In hybrid manipulation, 95 percent of an image is entirely genuine: real metadata, authentic sensor noise, accurate lighting physics. The fabricated element occupies a single detail—a patch stitched onto a uniform, a weapon placed into someone's hand, a face quietly swapped out. Pixel-level detection systems frequently miss these alterations because they are, in most technical respects, scanning a real photograph. The deception might occupy no more than one square inch of the frame.

"Every old method assumed the image was a record of something," van Ess says. "Generative media breaks that assumption at the root."

Henry Ajder, a deepfake researcher and AI adviser who has tracked synthetic media since 2018, takes the argument a step further. AI-generated content is no longer visibly artificial, he says—it is embedded seamlessly into the broader information environment. The volume of high-quality synthetic material now circulating online signals the end of the era when errors made fakes detectable. What follows is a landscape in which fabricated content looks entirely credible by default.

Detection tools, meanwhile, have their own considerable limitations. They are not truth machines. Even the most capable systems fail with enough frequency to matter, and most return only a confidence percentage without any explanation of the underlying reasoning. "Detection tools should never be used as a sole signal to determine action," Ajder cautions.

Five Steps Anyone Can Take to Verify Images

Until the infrastructure for large-scale content provenance exists, the responsibility for verification falls on individuals. Van Ess offers five practical steps—not foolproof guarantees, but meaningful ways to slow the spread of manipulated content.

1. Watch for the Hollywood Effect

If an image looks unnervingly cinematic—too dramatically lit, too perfectly composed, too symmetrical for a chaotic situation—treat that as a warning sign. Real crisis footage is rarely polished. If everyone in the frame looks ready for a close-up, something may not be right.

2. Run Multiple Reverse Image Searches

Google Lens, Yandex, and TinEye each index different sources and return different results. Using only one is insufficient. Critically, the absence of any match no longer confirms originality—it may mean the image has no photographic origin at all.

3. Examine the Margins, Not the Focal Point

Skip the obvious landmark or central figure and look instead at the background details: street signs, manhole covers, shadow angles, peripheral objects. These are the areas where inconsistencies tend to appear, because they are the parts that anyone generating a fake is least likely to scrutinize.

4. Use Detection Tools as Starting Points, Not Conclusions

A confidence score without supporting explanation is not evidence. Tools that trace where an image first appeared online or cross-reference it against fact-checker databases are substantially more useful than a single percentage rating. ImageWhisperer is one freely available tool that combines several of these signals.

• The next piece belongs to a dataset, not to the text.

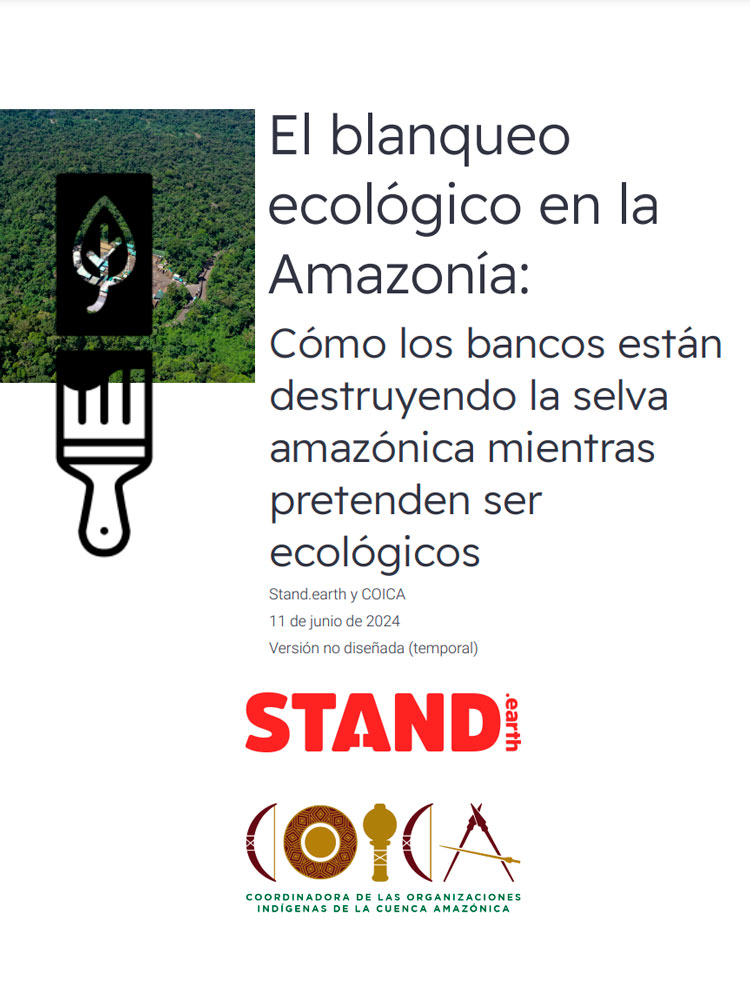 El informe El blanqueo ecológico en la Amazonía revela que un promedio del 71 % de la Amazonía no está protegida eficazmente por los marcos de gestión de riesgos ambientales y sociales de los cinco principales financistas de petróleo y gas amazónicos: Citibank, JPMorgan Chase, Itaú Unibanco, Santander y Bank of America. Según Coica y Stand.earth, esto significa que dichos bancos dejan vulnerable la mayor parte del territorio amazónico, sin gestión de riesgos para el cambio climático, la biodiversidad, la cobertura forestal y los derechos de los pueblos indígenas.

5. Trace Back to Patient Zero

Follow an image to its earliest verifiable appearance online. Authentic material almost always arrives attached to a source—a named photographer, a witness, a specific location. Synthetic content tends to surface without friction: anonymous, already formatted for sharing, and curiously polished from the start.

The Long-Term Answer Is Provenance, Not Just Detection

Ajder, who has advised major companies including Adobe and Synthesia, argues that chasing fake content after the fact is an unwinnable race. The more durable solution is provenance—building systems capable of verifying where content originated rather than perpetually trying to identify what has been falsified. That infrastructure does not yet exist at scale.

Until it does, the burden does not disappear. It shifts to the people consuming content in real time. In an environment where synthetic media travels faster than any verification system can respond, the most meaningful defense available may be behavioral: a moment of hesitation before sharing. A few minutes of scrutiny in a system specifically designed to reward none.